### EXERCISE:
Reproduce the material below only from the line with "The celebrations officially" to the line with "tactile sensor arrays", both included, keeping each line exact and dropping the pictures.
------ SOURCE RECORDS ------
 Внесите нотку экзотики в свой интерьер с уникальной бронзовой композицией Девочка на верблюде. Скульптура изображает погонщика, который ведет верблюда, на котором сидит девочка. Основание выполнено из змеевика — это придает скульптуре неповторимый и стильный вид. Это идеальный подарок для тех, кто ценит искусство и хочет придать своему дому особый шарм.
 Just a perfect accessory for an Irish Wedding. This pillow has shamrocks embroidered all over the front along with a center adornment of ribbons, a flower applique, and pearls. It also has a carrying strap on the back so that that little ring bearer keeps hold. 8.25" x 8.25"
------
------ SOURCE RECORDS ------
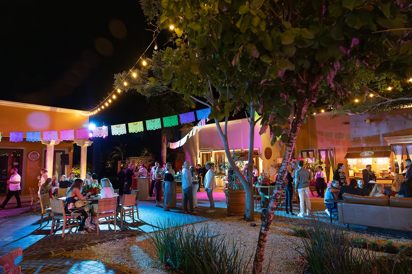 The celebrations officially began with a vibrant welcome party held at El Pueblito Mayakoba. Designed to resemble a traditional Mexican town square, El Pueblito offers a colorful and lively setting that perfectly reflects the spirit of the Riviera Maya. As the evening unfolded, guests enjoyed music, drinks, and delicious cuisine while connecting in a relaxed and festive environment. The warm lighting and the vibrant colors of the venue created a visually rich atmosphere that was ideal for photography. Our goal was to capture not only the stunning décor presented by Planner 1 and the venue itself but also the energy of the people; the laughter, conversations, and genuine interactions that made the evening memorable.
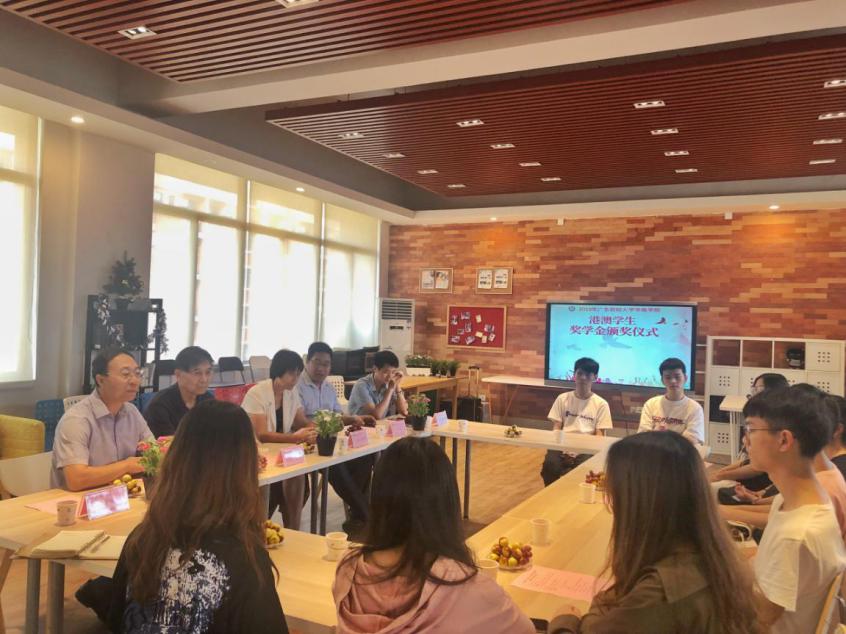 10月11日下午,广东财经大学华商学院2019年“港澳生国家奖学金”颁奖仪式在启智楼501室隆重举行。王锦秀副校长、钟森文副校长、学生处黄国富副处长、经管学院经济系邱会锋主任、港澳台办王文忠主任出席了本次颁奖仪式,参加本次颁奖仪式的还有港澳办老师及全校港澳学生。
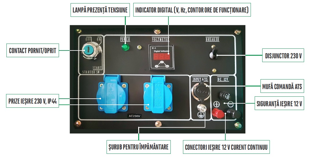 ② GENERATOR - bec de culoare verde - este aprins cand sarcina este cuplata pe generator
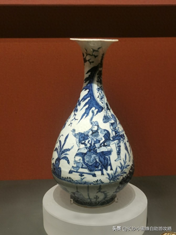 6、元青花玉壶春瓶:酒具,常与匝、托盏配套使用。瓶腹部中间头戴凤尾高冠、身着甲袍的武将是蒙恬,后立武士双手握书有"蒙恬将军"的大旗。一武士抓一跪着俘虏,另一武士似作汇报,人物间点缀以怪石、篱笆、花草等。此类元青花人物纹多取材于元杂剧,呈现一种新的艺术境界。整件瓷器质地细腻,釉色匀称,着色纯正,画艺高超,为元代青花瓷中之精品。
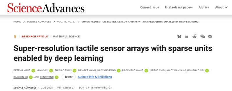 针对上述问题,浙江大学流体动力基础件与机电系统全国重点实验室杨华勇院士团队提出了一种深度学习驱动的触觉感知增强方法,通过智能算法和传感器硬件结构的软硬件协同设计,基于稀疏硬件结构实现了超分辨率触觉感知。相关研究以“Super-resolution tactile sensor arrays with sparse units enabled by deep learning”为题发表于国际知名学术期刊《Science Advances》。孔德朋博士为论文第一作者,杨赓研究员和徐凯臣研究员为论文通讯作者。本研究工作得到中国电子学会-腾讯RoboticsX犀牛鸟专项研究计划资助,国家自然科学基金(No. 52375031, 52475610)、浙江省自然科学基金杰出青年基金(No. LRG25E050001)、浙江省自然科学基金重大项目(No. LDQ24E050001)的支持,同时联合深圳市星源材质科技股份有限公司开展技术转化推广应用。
------
------ SOURCE RECORDS ------
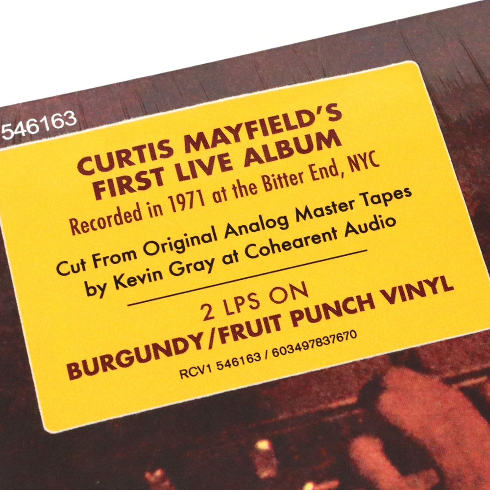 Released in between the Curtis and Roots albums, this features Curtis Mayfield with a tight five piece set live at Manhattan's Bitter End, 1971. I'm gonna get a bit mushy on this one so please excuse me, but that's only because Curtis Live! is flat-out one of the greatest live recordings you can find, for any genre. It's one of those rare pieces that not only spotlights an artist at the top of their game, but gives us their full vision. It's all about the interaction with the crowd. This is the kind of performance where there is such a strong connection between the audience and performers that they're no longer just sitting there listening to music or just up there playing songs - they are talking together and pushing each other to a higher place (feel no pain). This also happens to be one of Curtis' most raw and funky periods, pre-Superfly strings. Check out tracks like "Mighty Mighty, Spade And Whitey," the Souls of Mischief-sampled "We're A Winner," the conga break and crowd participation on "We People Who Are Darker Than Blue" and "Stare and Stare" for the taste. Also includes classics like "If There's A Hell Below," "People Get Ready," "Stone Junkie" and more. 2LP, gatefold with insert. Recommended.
------
### WRITTEN REPLY:
 The celebrations officially began with a vibrant welcome party held at El Pueblito Mayakoba. Designed to resemble a traditional Mexican town square, El Pueblito offers a colorful and lively setting that perfectly reflects the spirit of the Riviera Maya. As the evening unfolded, guests enjoyed music, drinks, and delicious cuisine while connecting in a relaxed and festive environment. The warm lighting and the vibrant colors of the venue created a visually rich atmosphere that was ideal for photography. Our goal was to capture not only the stunning décor presented by Planner 1 and the venue itself but also the energy of the people; the laughter, conversations, and genuine interactions that made the evening memorable.
 10月11日下午,广东财经大学华商学院2019年“港澳生国家奖学金”颁奖仪式在启智楼501室隆重举行。王锦秀副校长、钟森文副校长、学生处黄国富副处长、经管学院经济系邱会锋主任、港澳台办王文忠主任出席了本次颁奖仪式,参加本次颁奖仪式的还有港澳办老师及全校港澳学生。
 ② GENERATOR - bec de culoare verde - este aprins cand sarcina este cuplata pe generator
 6、元青花玉壶春瓶:酒具,常与匝、托盏配套使用。瓶腹部中间头戴凤尾高冠、身着甲袍的武将是蒙恬,后立武士双手握书有"蒙恬将军"的大旗。一武士抓一跪着俘虏,另一武士似作汇报,人物间点缀以怪石、篱笆、花草等。此类元青花人物纹多取材于元杂剧,呈现一种新的艺术境界。整件瓷器质地细腻,釉色匀称,着色纯正,画艺高超,为元代青花瓷中之精品。
 针对上述问题,浙江大学流体动力基础件与机电系统全国重点实验室杨华勇院士团队提出了一种深度学习驱动的触觉感知增强方法,通过智能算法和传感器硬件结构的软硬件协同设计,基于稀疏硬件结构实现了超分辨率触觉感知。相关研究以“Super-resolution tactile sensor arrays with sparse units enabled by deep learning”为题发表于国际知名学术期刊《Science Advances》。孔德朋博士为论文第一作者,杨赓研究员和徐凯臣研究员为论文通讯作者。本研究工作得到中国电子学会-腾讯RoboticsX犀牛鸟专项研究计划资助,国家自然科学基金(No. 52375031, 52475610)、浙江省自然科学基金杰出青年基金(No. LRG25E050001)、浙江省自然科学基金重大项目(No. LDQ24E050001)的支持,同时联合深圳市星源材质科技股份有限公司开展技术转化推广应用。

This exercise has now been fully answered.